One Thousand and One Nights: A Retelling

Most of us are familiar with the premise of One Thousand and One Nights (or the Arabian Nights): King Shahrayar would take a new wife each night, killing her in the morning, until the evening the vizier's daughter Shahrazad started telling him a story, leaving off just before the end so he'd spare her life for another day. Of course, the next night would bring another cliffhanger, and the cycle would repeat anew.

Lebanese author Hanan al-Shaykh (Women of Sand and Myrrh) has recast several of Shahrazad's tales in modern English, presenting them in a coherent narrative that is as spellbinding as ever. Al-Shaykh has selected 19 of the original stories, knitting them into a single extended narrative. Starting with "The Fisherman and the Jinni," she moves on to the fisherman's brother, the porter and the three ladies, a hunchback, a merchant, three dervishes, a woman and her five lovers, Sinbad the Sailor and then back to the porter and the three ladies.

The age-old conundrum regarding literature's function--is it to tickle or to teach?--is solved here, and the answer is: both.
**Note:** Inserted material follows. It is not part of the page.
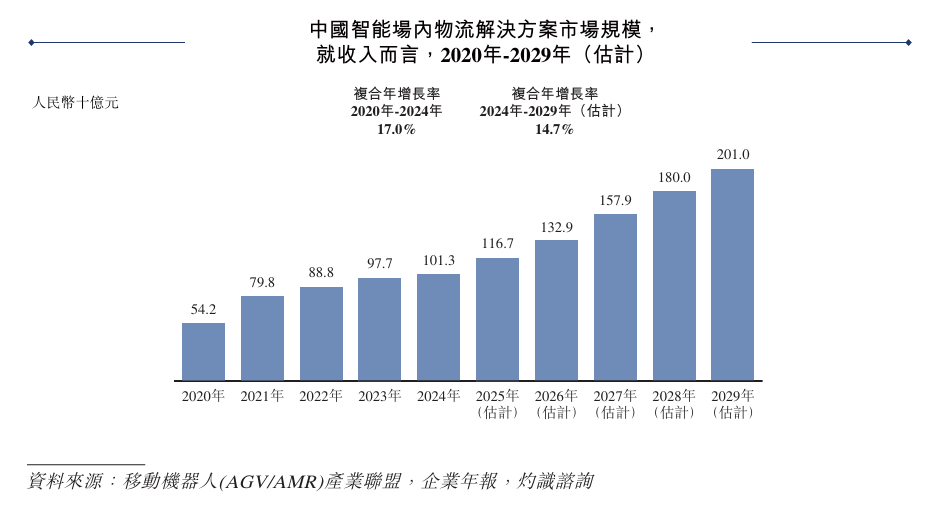 根據灼識諮詢數據,全球智能場內物流解決方案市場規模從2020年的3,008億元增長至2024年的4,711億元,複合年增長率達11.9%。目前,其全球滲透率約爲20%,擁有巨大的增長潛力。在多種因素的綜合驅動下,全球智能場內物流解決方案市場未來預計仍將保持良好的增長勢頭,並於2029年突破8,000億元。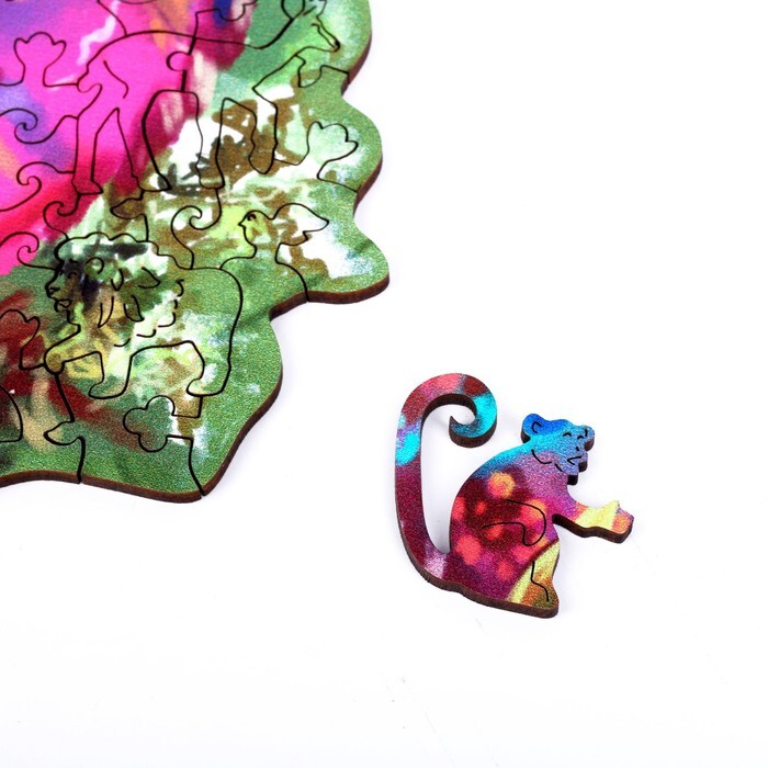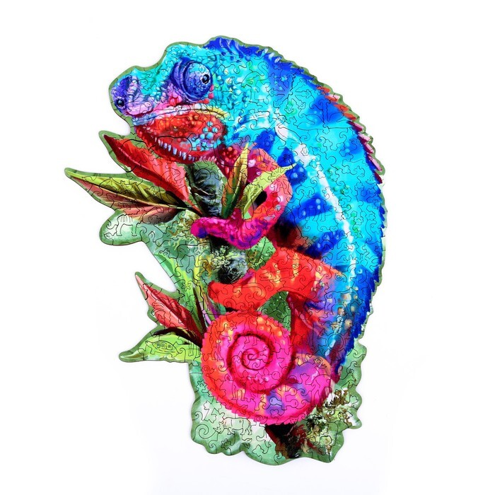Данный пазл изготовлен из дерева и имеет яркое качественное оформление. Деревянные элементы имею разную форму и размер, собираясь в красивую иллюстрацию с хамелеоном на ветке дерева. В коробке вы найдете 250 деталей.

You could make the case that the clever, resourceful Shahrazad is literature's first feminist heroine, and each of her stories is filled with nuggets of simple philosophy. "I wish my story was similar to those of the two dervishes who have gone before me," says the third dervish at the onset of his tale. "But I have learned, as the days have passed, that there is nothing to be gained from regret; it changes nothing, leaves us melancholy and in pain for ever." --Valerie Ryan, Cannon Beach Book Company, Ore.